Chapter 9
PAIGE
Paige stands in her dark kitchen opening a can of tuna fish for Christopher, who dances around on his hind legs impatiently. She’s teetering on spiky high heels in a too-tight skirt she can barely walk in, and he almost knocks her over with his excited jumps.
“Take a pill, Christopher,” she says, nudging him off her leg and leaning down to feed him the tuna, which he eats in two bites.
She has to hold the side of the sink to stand back up, in the stupid getup she’s forced to wear.
She hates dressing up. Adults should not dress up for Halloween.
Period. She hates theme parties where she’s required to come as a flapper girl or in some grass skirt for a backyard luau.
Guess what, Brian? Adding pineapple to your burger on your shitty backyard grill and throwing some plastic leis around for decoration does not a luau make.
This might not be a costume, but it feels like one.
The Sapphire Hotel is decorated with sparkly paper snowflakes hanging from the ceiling and balloons floating in between them.
There are little bar carts set up around the enormous room.
Well, more like folding tables with black tablecloths over them, and some bottles of booze and plastic cups scattered about, but it will do.
Giant double doors stand open and lead into a few other rooms, one where a live jazz band is playing and a decent crowd of people are out on the makeshift dance floor already.
The other banquet room has round tables set up around the plush, carpeted space, holding hors d’oeuvres, like deviled eggs and crab puffs.

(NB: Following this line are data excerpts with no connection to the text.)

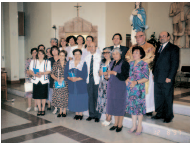
Fraternité "San Marcelino Champagnat" de Rancagua, Chile.

Les fraternités de Norte (Espagne) qui partagent souvent sur le Projet de Vie, nous font part de leurs sentiments sur l'art. 17 " La fraternité est un domaine privilégié où nous réalisons notre mission ".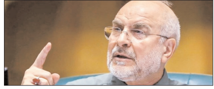
होर्मुज तनाव के बीच अमेरिकी प्रभाव कम हो जाएगा: गालिबफ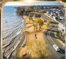
ทะเลสาบเอ่อไห่ โค้งตัว S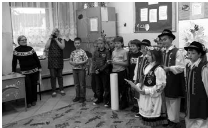
Wizyta gości z Orla.

There’s an ice sculpture of what she thinks was probably a swan but now has melted a bit and looks more like a demented pigeon.
Grant points out Cora and Finn standing in a circle of conversation with a few couples near one of the bar tables.
They make their way over and exchange pleasantries with everyone.
She avoids eye contact with Finn. She’s not sure what her face might give away in front of the others.
She’s not accustomed to making out with married men, so she isn’t certain she’d mask her guilt well on the spot. She needs a minute.
“What the hell is that?” Paige says, pointing to Cora’s drink, which looks like a snow cone.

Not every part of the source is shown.